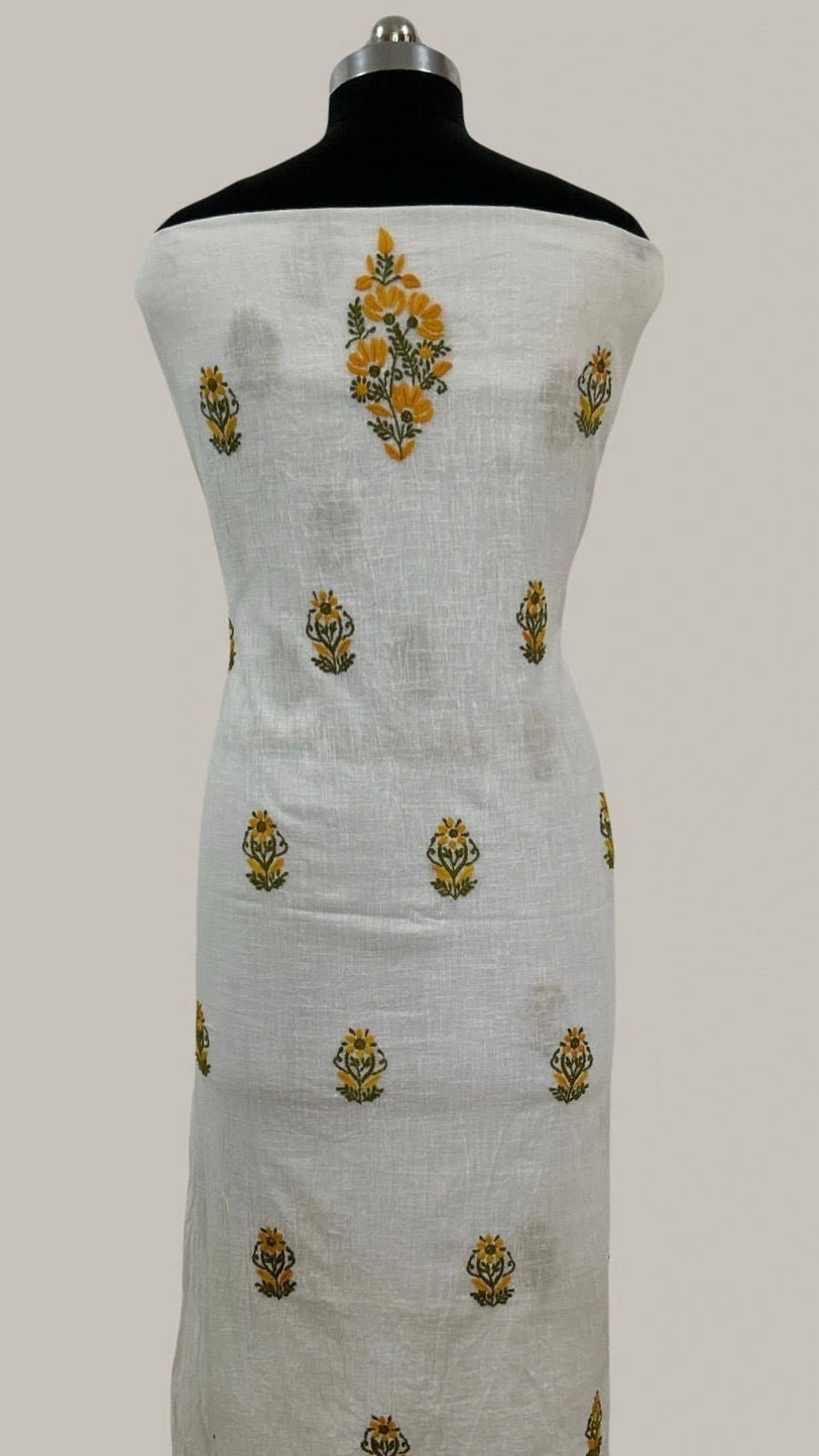 Exquisitely handcrafted Lucknowi Chikankari unstitched slub-cotton fabric featuring traditional embroidery techniques perfected over generations. This premium white cotton material offers breathability and comfort ideal for summer wear. The intricate threadwork showcases authentic craftsmanship from Lucknow's master artisans, making each piece a testament to India's rich textile heritage.
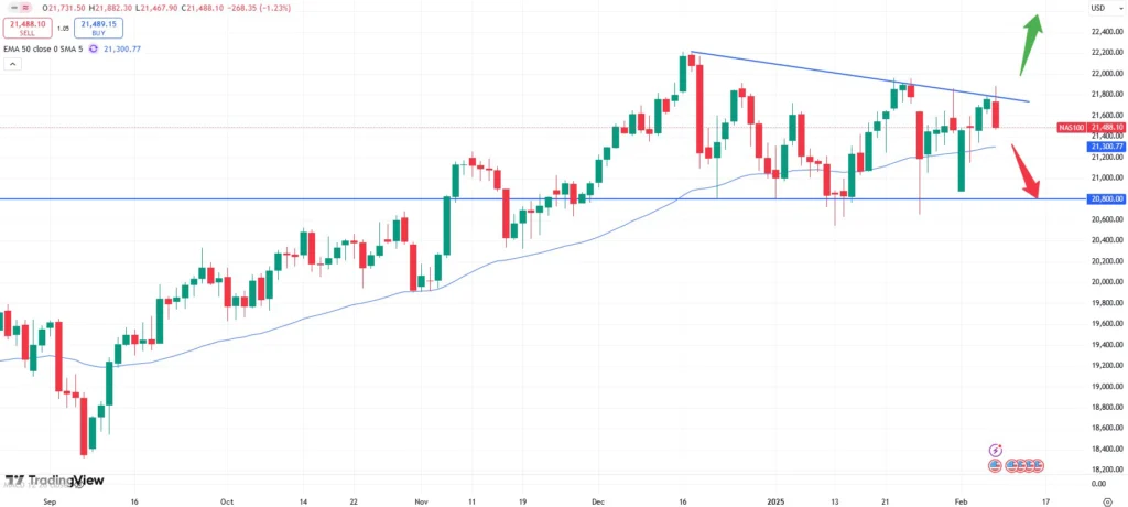 Last week the market fell after disappointing NFP data. Rising volatility caused the index to break to lower levels off the technical resistance line. Should now also the 50- moving average at around the 21,300 level give way, the tech index might fall further. The next strong support zone might only be found at the level of 21,800. Falling consumer prices would hint to the Fed rather cutting interest rates soon, which would be positive for the stock index. Yet, the current potentially stagnating trend in consumer prices might be a reason for the index to fall further. Markets currently seem prone for further profit taking ahead. The data will be published on Wednesday, 12th February at 14:30 CET.
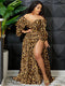 Feature: Off-shoulder. puff sleeve. shape neck. high-waisted. flowy. floor-length. leopard print. tiger print. split. maxi dresses.
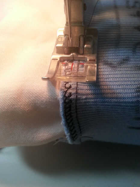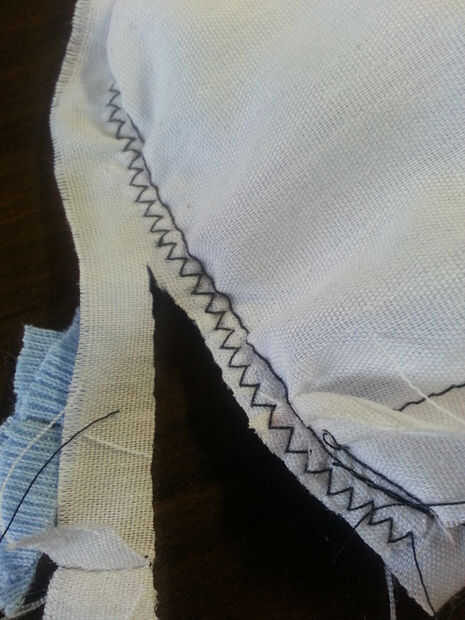 Usted puede terminar la costura con una puntada en zigzag o con otra puntada (dependiendo de qué puntadas hace su máquina) (fotografía 2 muestra 2 puntadas diferentes) puntadas cerca de la línea de costura original.
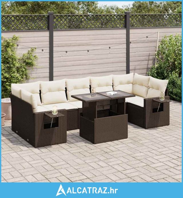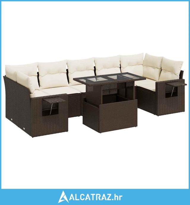 8-dijelni set vrtnih sofa s jastucima smeđi od poliratana - NOVO
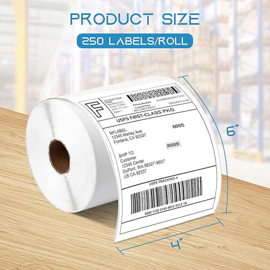 MFLABEL 4x6 Direct Labels, Perforated, Commercial Grade, for Thermal Printer, 250 Labels/1 Roll, 20 Rolls
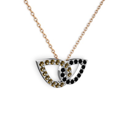 Siyah zirkon ve dumanlı kuvars 18 ayar beyaz altın kolye (40 cm rose altın rolo zincir)
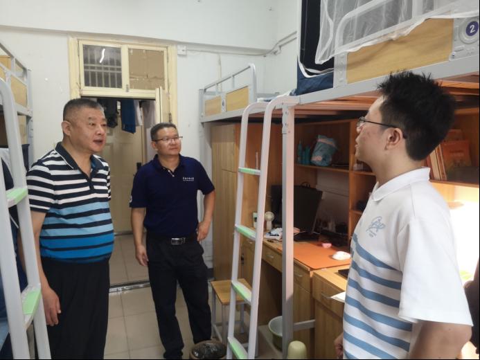 学院党委书记闻亮在走访23栋、游泳馆男生寝室时与新生进行亲切交谈,倾听学生心声,详细了解学生们的生活环境和适应状况,耐心细致解答学生们的各种疑惑,并嘱咐大家要注意宿舍安全问题,共同维护干净整洁的宿舍环境,营造良好的学习、生活氛围。同时鼓励同学们要规律作息、加强锻炼、遵守校规,珍惜大学时光,勇于探索新的知识领域,不断追求卓越。
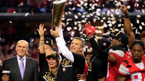 "Urban Meyer has done an excellent job strengthening our culture of commitment to academics, career development and winning championships," Ohio State athletic director Gene Smith said in a statement. "Our young men continue to thrive under his leadership, whether on the playing field where they are national champions, through life skills pursuits like Real Life Wednesdays, internships and job fairs, and academically through program-wide efforts to monitor the progress of every student-athlete which has helped the team achieve its highest graduation success rate at 78 percent.
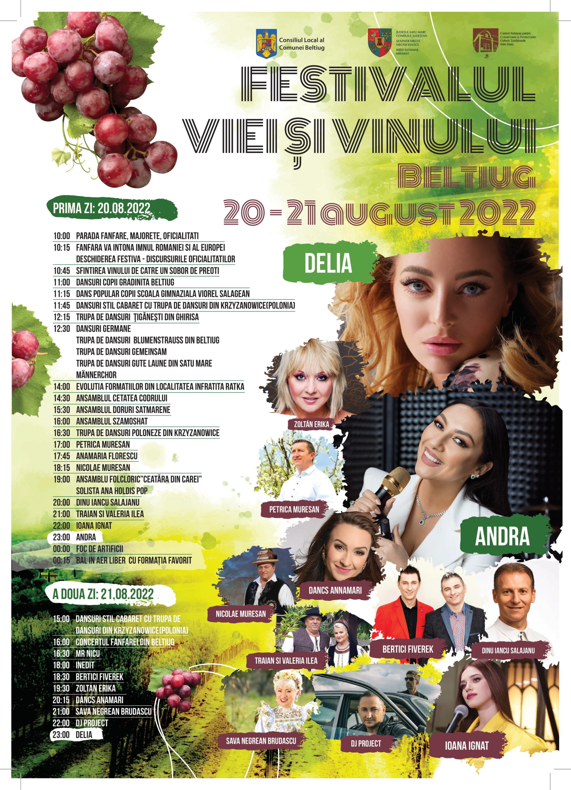 Toată lumea știe că Beltiugul este renumit de foarte mult timp pentru vinul de calitate, și nu numai. Așa că, în perioada 20-21 august se va desfășura Festivalul Viei și Vinului, un festival renumit pentru Comuna Beltiug, ajuns deja la a VIII-a ediție! Se anunță două zile pline în cadrul festivalului, cu artiști de seamă care vor aduce atmosfera la cel mai înalt nivel.
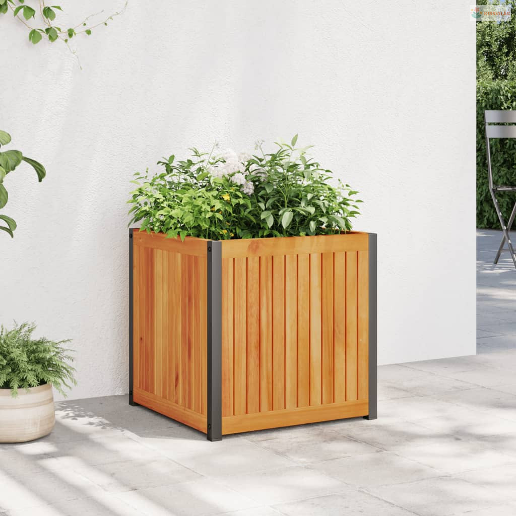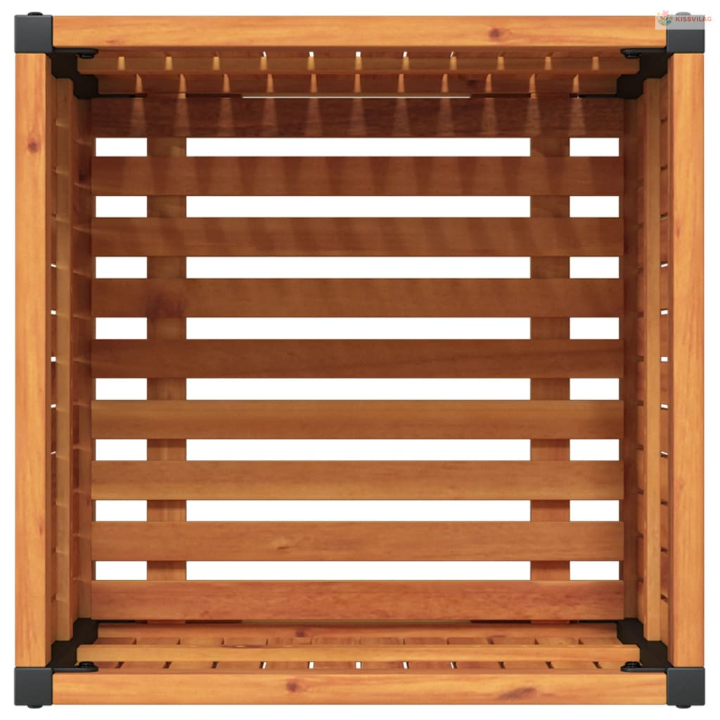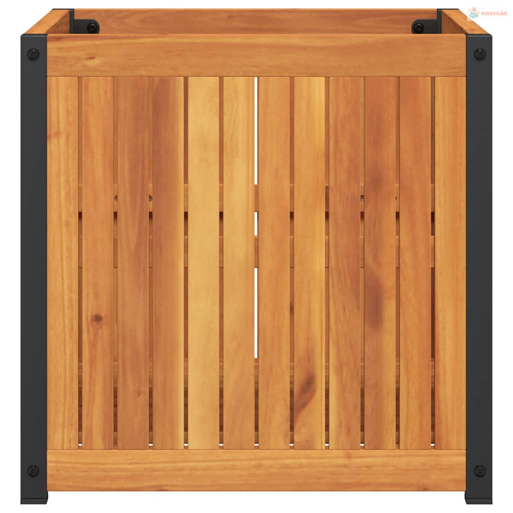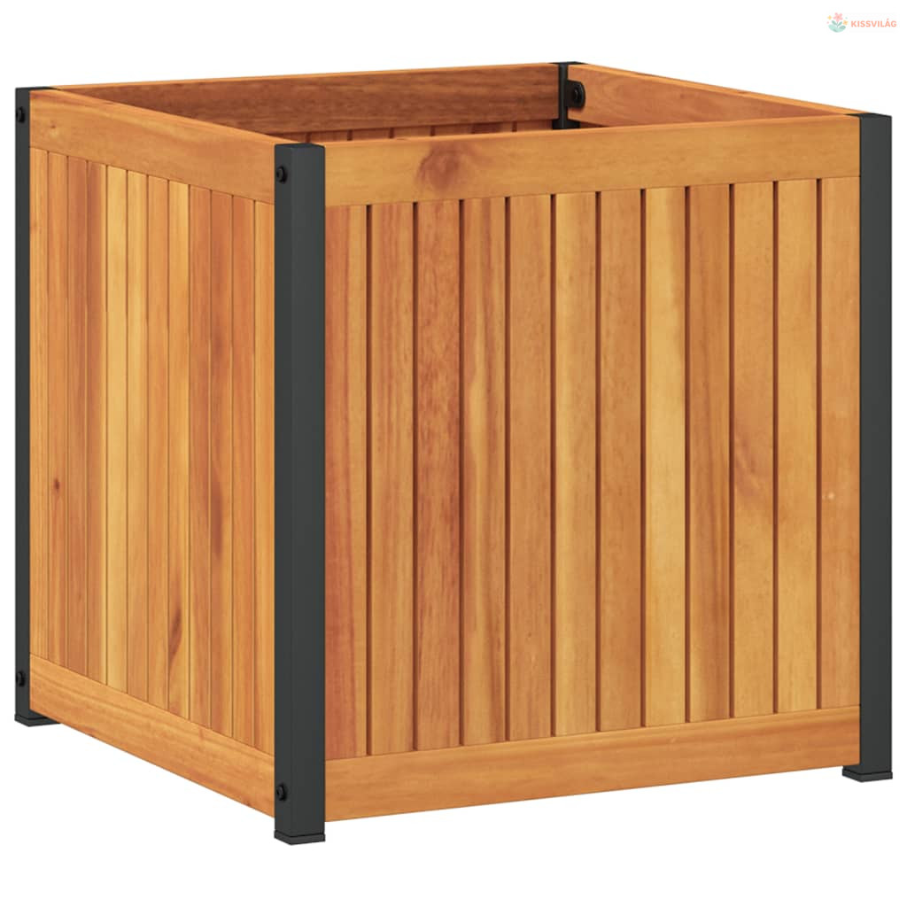 Tömör akácfa és acél kerti virágtartó 45 x 45 x 44 cm
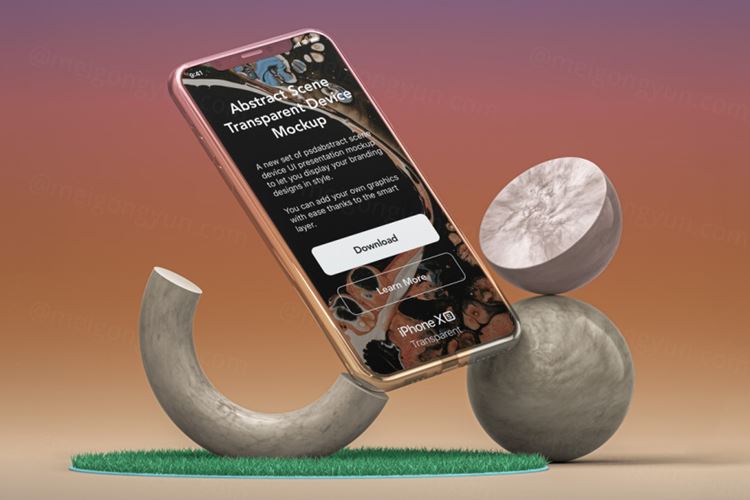 图穷联素材库 » 悬浮式手机屏幕效果预览模板 Mobile Mockup Abstract UI Project Scene Mockup 4
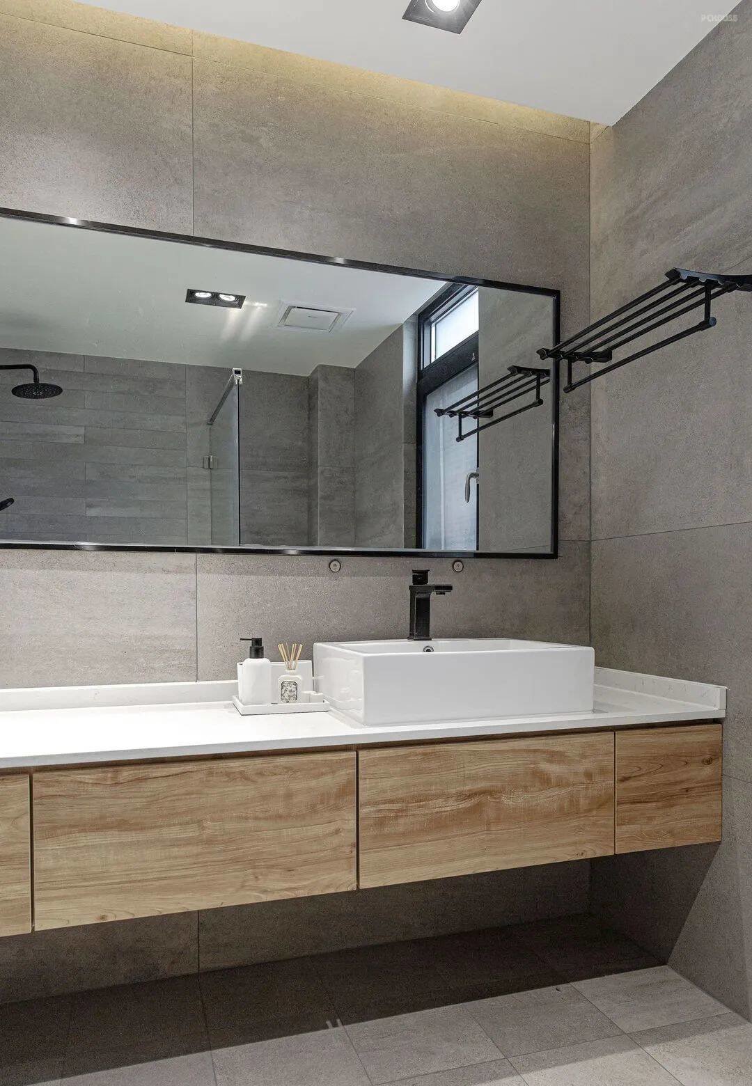 这是一楼屋主女儿的专属卫浴,墙地面统铺灰色哑光地砖,耐脏还能提亮空间。超长的洗手台,将化妆、洗漱空间合二为一,悬空设计,可轻松避开卫生死角。
────────────────────
Leaving each picture behind, please give again exactly the lines above from the one with "MFLABEL 4x6 Direct" through the one with "学院党委书记闻亮在走访23栋", both included, and no others.

 MFLABEL 4x6 Direct Labels, Perforated, Commercial Grade, for Thermal Printer, 250 Labels/1 Roll, 20 Rolls
 Siyah zirkon ve dumanlı kuvars 18 ayar beyaz altın kolye (40 cm rose altın rolo zincir)
 学院党委书记闻亮在走访23栋、游泳馆男生寝室时与新生进行亲切交谈,倾听学生心声,详细了解学生们的生活环境和适应状况,耐心细致解答学生们的各种疑惑,并嘱咐大家要注意宿舍安全问题,共同维护干净整洁的宿舍环境,营造良好的学习、生活氛围。同时鼓励同学们要规律作息、加强锻炼、遵守校规,珍惜大学时光,勇于探索新的知识领域,不断追求卓越。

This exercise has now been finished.